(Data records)
%%
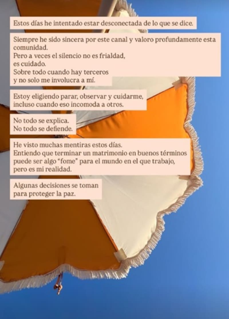 “Pero a veces el silencio no es frialdad, es cuidado. Sobre todo cuando hay terceros y no solo me involucra a mí. Estoy eligiendo parar, observar y cuidarme, incluso cuando eso incomoda a otros”, complementó.
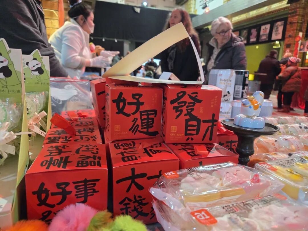 锣鼓、舞狮、贴楹联、印福字、编手链、中国结、高高挂起的红灯笼、恭喜发财的财神爷,再加上包子、辣酱、成都凉面,陕西肉夹馍等等现场制作的特色美食小吃:这过年的气氛,可不一下就上来了!
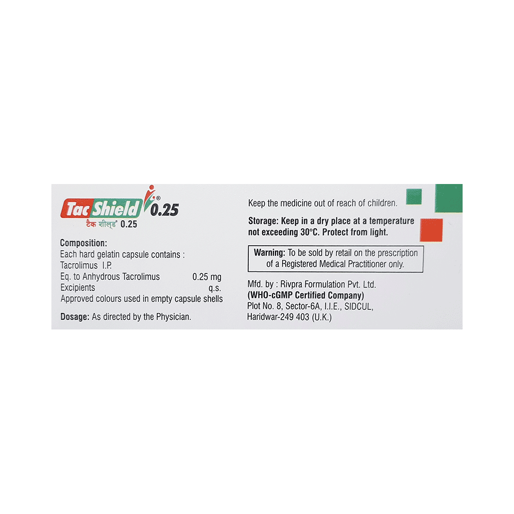 Tacshield 0.25 Capsule is used along with other medicines to prevent your body from rejecting a new organ (e.g., liver, kidney, or heart) after transplant. It does so by weakening your body’s immune system, so it does not attack the new organ. This medication belongs to a class of drugs known as immunosuppressants. The amount of Tacshield 0.25 Capsule you take and how often you take it depends on the type of transplant you have, your body weight, and what other medicines you are taking. Follow your doctor’s instructions carefully. You should take it on an empty stomach, at least 1 hour before or 2 hours after a meal. Take this medicine regularly to get the maximum benefit and keep taking it, even if you feel well. If you stop taking it, you may increase the chances of rejecting your transplanted organ.Tacshield 0.25 Capsule has many potential side effects. It can cause or worsen diabetes and kidney problems. These need urgent medical attention. Other common side effects include tremor, infections, high blood pressure, headache, and insomnia. If the side effects do not go away or get worse, tell your doctor. Tacshield 0.25 Capsule lowers your immune system making you susceptible to catching more infections than usual.Before taking this medicine, tell your doctor if you have kidney, liver, or heart problems, diabetes, or high blood pressure. Also let your doctor know what other medications you are taking, especially for infections, pain, and arthritis. These and others may affect, or be affected by, this medicine. You should limit your exposure to the sun and UV (ultraviolet) light while taking it because immunosuppressants could increase your risk of skin cancer.Both men and women using this medicine should use effective birth control to prevent pregnancy. This medicine is not normally recommended during pregnancy or while breastfeeding unless it is clearly needed. Before and during treatment you will need frequent medical tests to monitor your progress, and your blood pressure will need to be checked often.
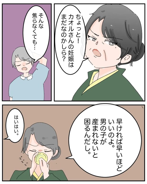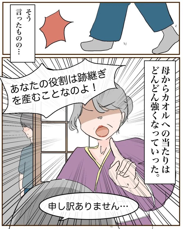 そして、母の催促はカオルへも。母からカオルへの当たりはどんどん強くなっていきました。「あなたの役割は跡継ぎを産むことなのよ!」と母から強く迫られるカオルを見ても、自分にイライラをぶつけられるのが嫌で何も言えませんでした。
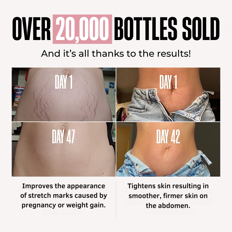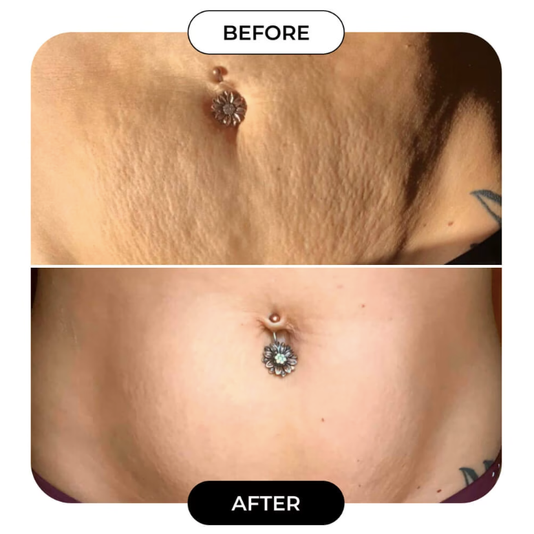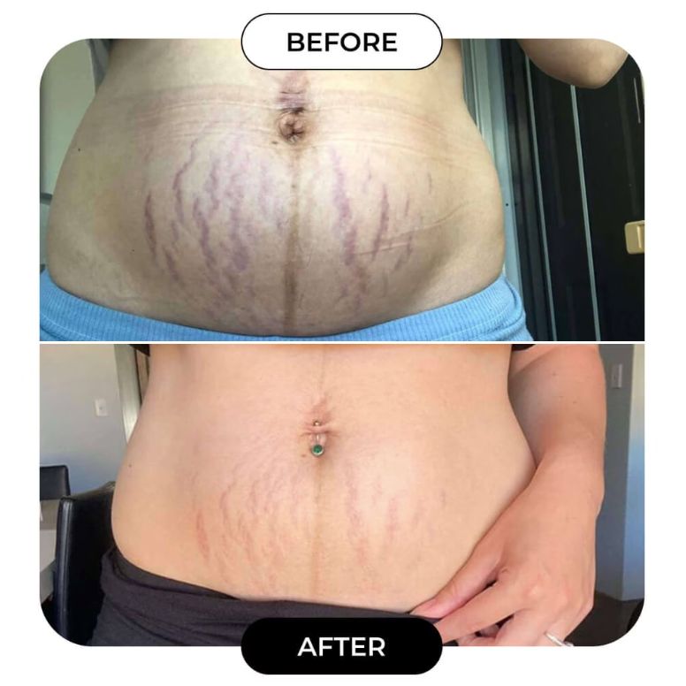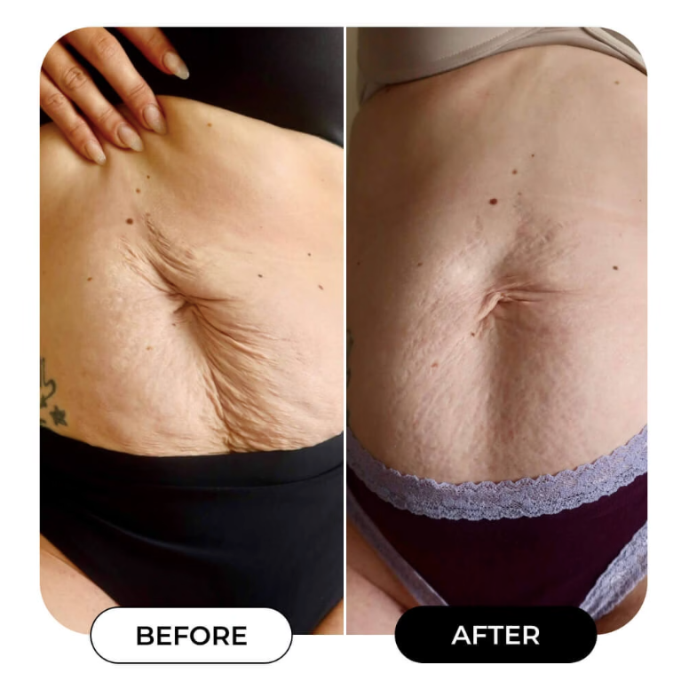 Visible results — like improved tone, smoother skin, and reduced appearance of stretch marks — typically build gradually with daily application.
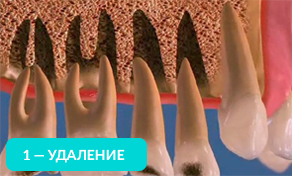 Убыль костной ткани распространяется на соседние зубы и их корни постепенно обнажаются!
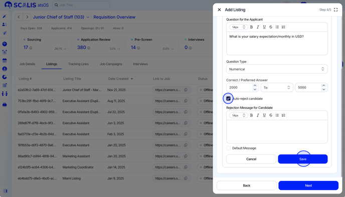 If you want this question to automatically reject applicants based on their answer, click the "Auto-Reject candidate" checkbox. You can also add an email template (by clicking "Default Message") or a custom message to send to the candidate if they get rejected. After finishing, click "Save".
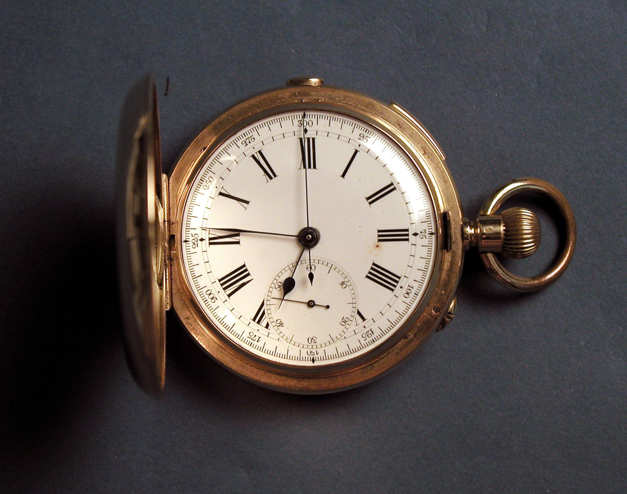 English: Hunting case pocket watch 18 carat gold case and watch, quarter repeating movement with one minute sub-dial inserted at 6 o'clock, stem wound, pin set, cut balance with overcoil spring, enamel dial, blue hour, minute and second hands, flat glass cover. Case has no decoration, hallmarked inside case. engraved on dome- "Presented to Edwin Bamford by the members of the legal profession in the Hawkes Bay Registration District 28th Sept 1893 " serial number on case- "27817" and "18c 817( ) "
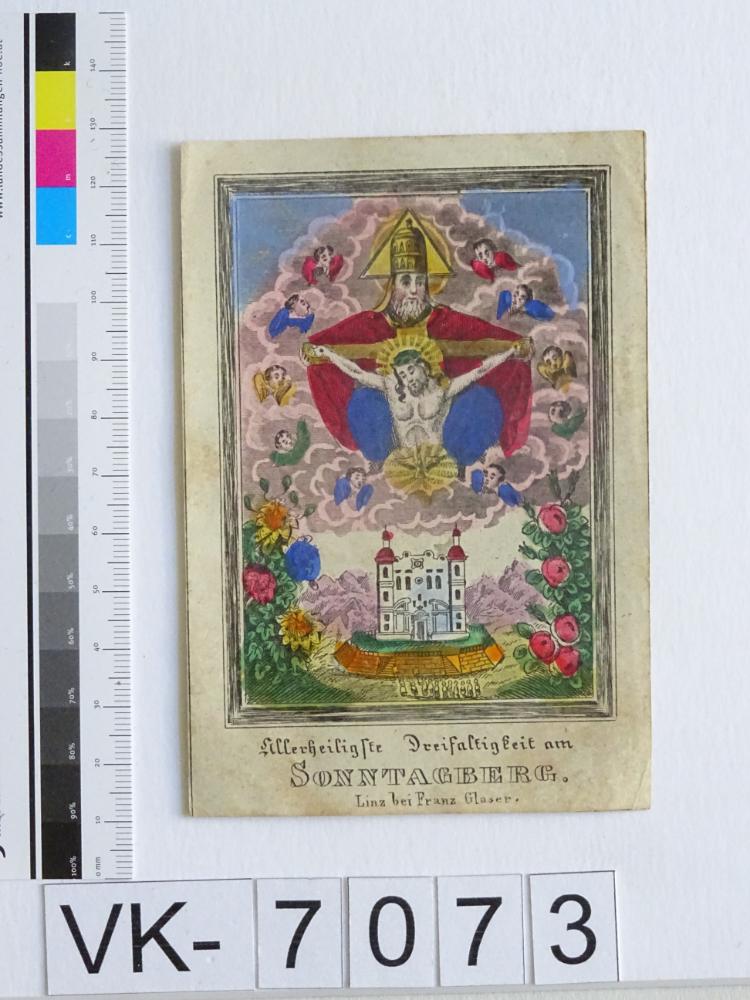 Sonntagberg; Vorderseite: Gnadenbild = Gnadenstuhl, Basilika, "Bei F. Glaser, Linz"; Eintrag Inventarbuch: "Andachtsbild, Stahlstich, koloriert, Sammlung Klar."
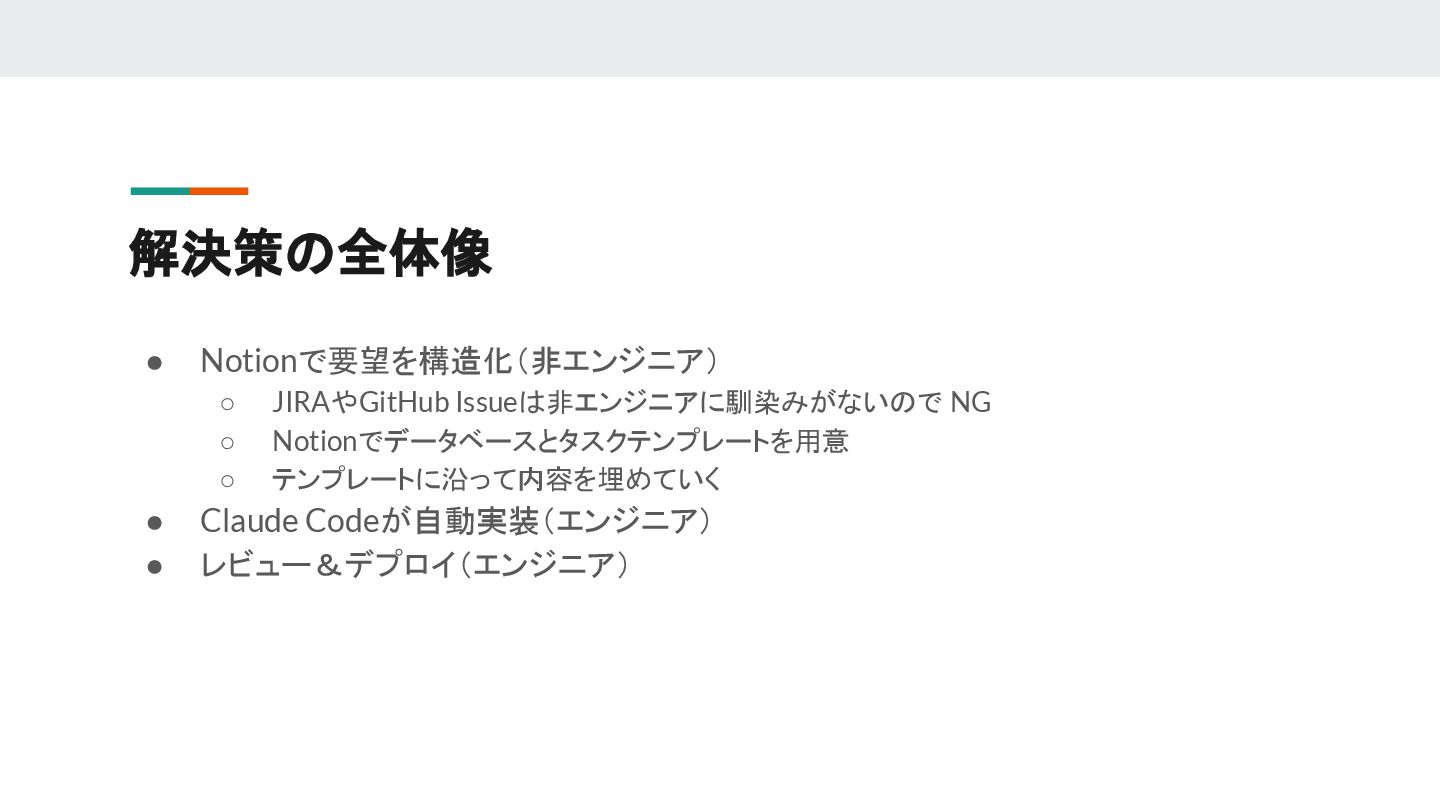 テンプレートに沿って内容を埋めていく • Claude Codeが自動実装(エンジニア) • レビュー&デプロイ(エンジニア)
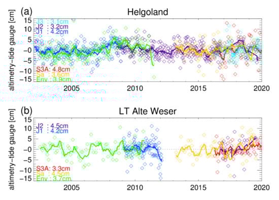 Difference between altimetry and tide gauge at stations (a) Helgoland (open water) and (b) LT Alte Weser (coastal) for up to six missions (color coded) with time variable position correction applied. Diamonds mark single measurements, thick lines are the 3 months box-car filter, RMS-D values are given at the left-hand side and missions are color coded.
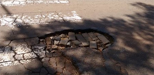 Av. Irmãos Pereira, esquina com rua São Paulo. Quem é de Campo Mourão sabe: é centrão da cidade. O buraco no meio da pista tava tão fundo que alguém deu um jeitinho para amenizar a situação: colocou blocos de “pêiver” no local. Portanto, na terra do carneiro no buraco, nem bloco de concreto escapa...
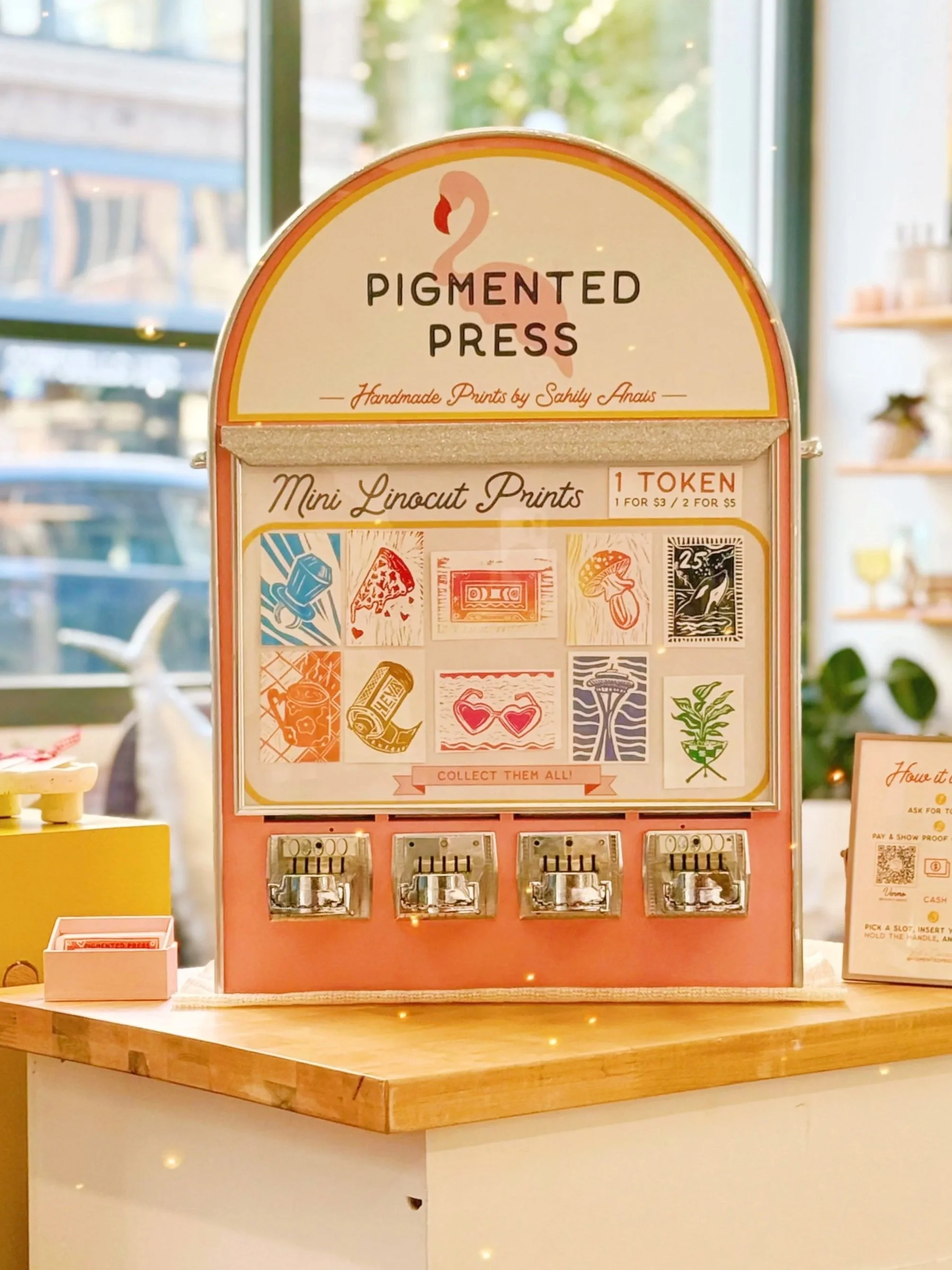 Mini prints make the joys of art accessible to all! My mini print vending machines are where pint-sized art meets the nostalgic euphoria of getting a surprise from a vending machine. Just like the good old days at the roller rink and arcade!
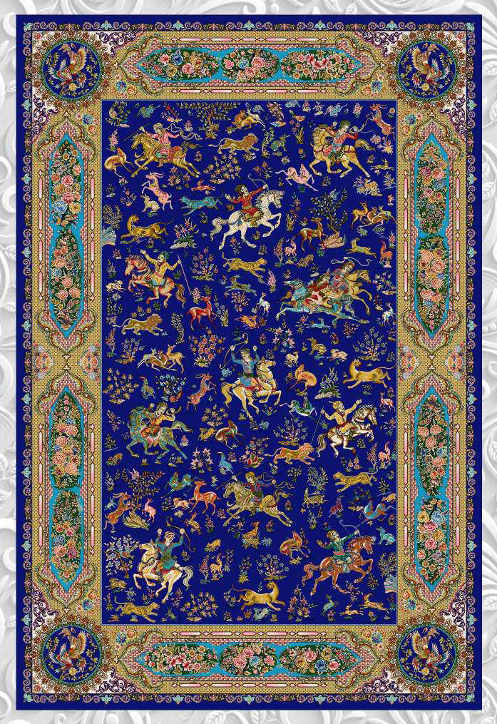فرش ماشینی ابریشم 1500 شانه کاشان زمینه آبی کاربنی کد5544
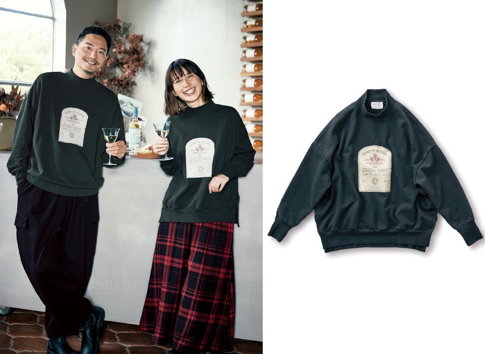 ヴィンテージワインのボトルラベルをイメージしたプリントを胸もとにあしらったトレーナーです。熟成され味に深みが増していくワインボトルのような深緑色で、ドロップショルダーなのでゆったりと着用できます。
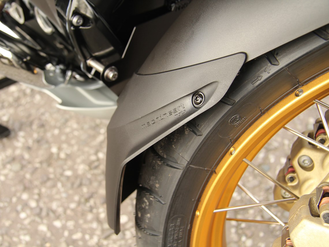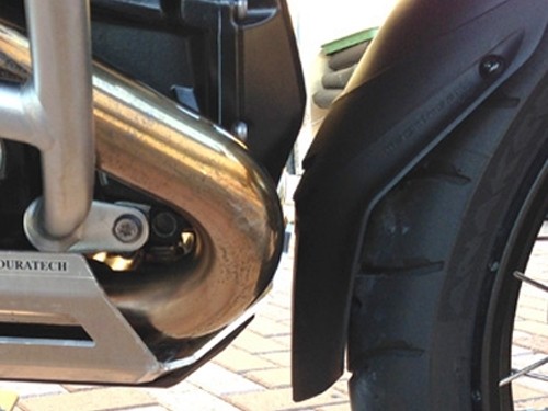 The front fender of the 2013 R1200GS_LC is both shorter and pointier at its trailing edge than the previous generation GS making the exposed painted surface of the front engine case even more vulnerable to stone damage.
%%
Task
For this exercise, copy the entries above exactly and skip any picture.

Output
 “Pero a veces el silencio no es frialdad, es cuidado. Sobre todo cuando hay terceros y no solo me involucra a mí. Estoy eligiendo parar, observar y cuidarme, incluso cuando eso incomoda a otros”, complementó.
 锣鼓、舞狮、贴楹联、印福字、编手链、中国结、高高挂起的红灯笼、恭喜发财的财神爷,再加上包子、辣酱、成都凉面,陕西肉夹馍等等现场制作的特色美食小吃:这过年的气氛,可不一下就上来了!
 Tacshield 0.25 Capsule is used along with other medicines to prevent your body from rejecting a new organ (e.g., liver, kidney, or heart) after transplant. It does so by weakening your body’s immune system, so it does not attack the new organ. This medication belongs to a class of drugs known as immunosuppressants. The amount of Tacshield 0.25 Capsule you take and how often you take it depends on the type of transplant you have, your body weight, and what other medicines you are taking. Follow your doctor’s instructions carefully. You should take it on an empty stomach, at least 1 hour before or 2 hours after a meal. Take this medicine regularly to get the maximum benefit and keep taking it, even if you feel well. If you stop taking it, you may increase the chances of rejecting your transplanted organ.Tacshield 0.25 Capsule has many potential side effects. It can cause or worsen diabetes and kidney problems. These need urgent medical attention. Other common side effects include tremor, infections, high blood pressure, headache, and insomnia. If the side effects do not go away or get worse, tell your doctor. Tacshield 0.25 Capsule lowers your immune system making you susceptible to catching more infections than usual.Before taking this medicine, tell your doctor if you have kidney, liver, or heart problems, diabetes, or high blood pressure. Also let your doctor know what other medications you are taking, especially for infections, pain, and arthritis. These and others may affect, or be affected by, this medicine. You should limit your exposure to the sun and UV (ultraviolet) light while taking it because immunosuppressants could increase your risk of skin cancer.Both men and women using this medicine should use effective birth control to prevent pregnancy. This medicine is not normally recommended during pregnancy or while breastfeeding unless it is clearly needed. Before and during treatment you will need frequent medical tests to monitor your progress, and your blood pressure will need to be checked often.
 そして、母の催促はカオルへも。母からカオルへの当たりはどんどん強くなっていきました。「あなたの役割は跡継ぎを産むことなのよ!」と母から強く迫られるカオルを見ても、自分にイライラをぶつけられるのが嫌で何も言えませんでした。
 Visible results — like improved tone, smoother skin, and reduced appearance of stretch marks — typically build gradually with daily application.
 Убыль костной ткани распространяется на соседние зубы и их корни постепенно обнажаются!
 If you want this question to automatically reject applicants based on their answer, click the "Auto-Reject candidate" checkbox. You can also add an email template (by clicking "Default Message") or a custom message to send to the candidate if they get rejected. After finishing, click "Save".
 English: Hunting case pocket watch 18 carat gold case and watch, quarter repeating movement with one minute sub-dial inserted at 6 o'clock, stem wound, pin set, cut balance with overcoil spring, enamel dial, blue hour, minute and second hands, flat glass cover. Case has no decoration, hallmarked inside case. engraved on dome- "Presented to Edwin Bamford by the members of the legal profession in the Hawkes Bay Registration District 28th Sept 1893 " serial number on case- "27817" and "18c 817( ) "
 Sonntagberg; Vorderseite: Gnadenbild = Gnadenstuhl, Basilika, "Bei F. Glaser, Linz"; Eintrag Inventarbuch: "Andachtsbild, Stahlstich, koloriert, Sammlung Klar."
 テンプレートに沿って内容を埋めていく • Claude Codeが自動実装(エンジニア) • レビュー&デプロイ(エンジニア)
 Difference between altimetry and tide gauge at stations (a) Helgoland (open water) and (b) LT Alte Weser (coastal) for up to six missions (color coded) with time variable position correction applied. Diamonds mark single measurements, thick lines are the 3 months box-car filter, RMS-D values are given at the left-hand side and missions are color coded.
 Av. Irmãos Pereira, esquina com rua São Paulo. Quem é de Campo Mourão sabe: é centrão da cidade. O buraco no meio da pista tava tão fundo que alguém deu um jeitinho para amenizar a situação: colocou blocos de “pêiver” no local. Portanto, na terra do carneiro no buraco, nem bloco de concreto escapa...
 Mini prints make the joys of art accessible to all! My mini print vending machines are where pint-sized art meets the nostalgic euphoria of getting a surprise from a vending machine. Just like the good old days at the roller rink and arcade!
فرش ماشینی ابریشم 1500 شانه کاشان زمینه آبی کاربنی کد5544
 ヴィンテージワインのボトルラベルをイメージしたプリントを胸もとにあしらったトレーナーです。熟成され味に深みが増していくワインボトルのような深緑色で、ドロップショルダーなのでゆったりと着用できます。
 The front fender of the 2013 R1200GS_LC is both shorter and pointier at its trailing edge than the previous generation GS making the exposed painted surface of the front engine case even more vulnerable to stone damage.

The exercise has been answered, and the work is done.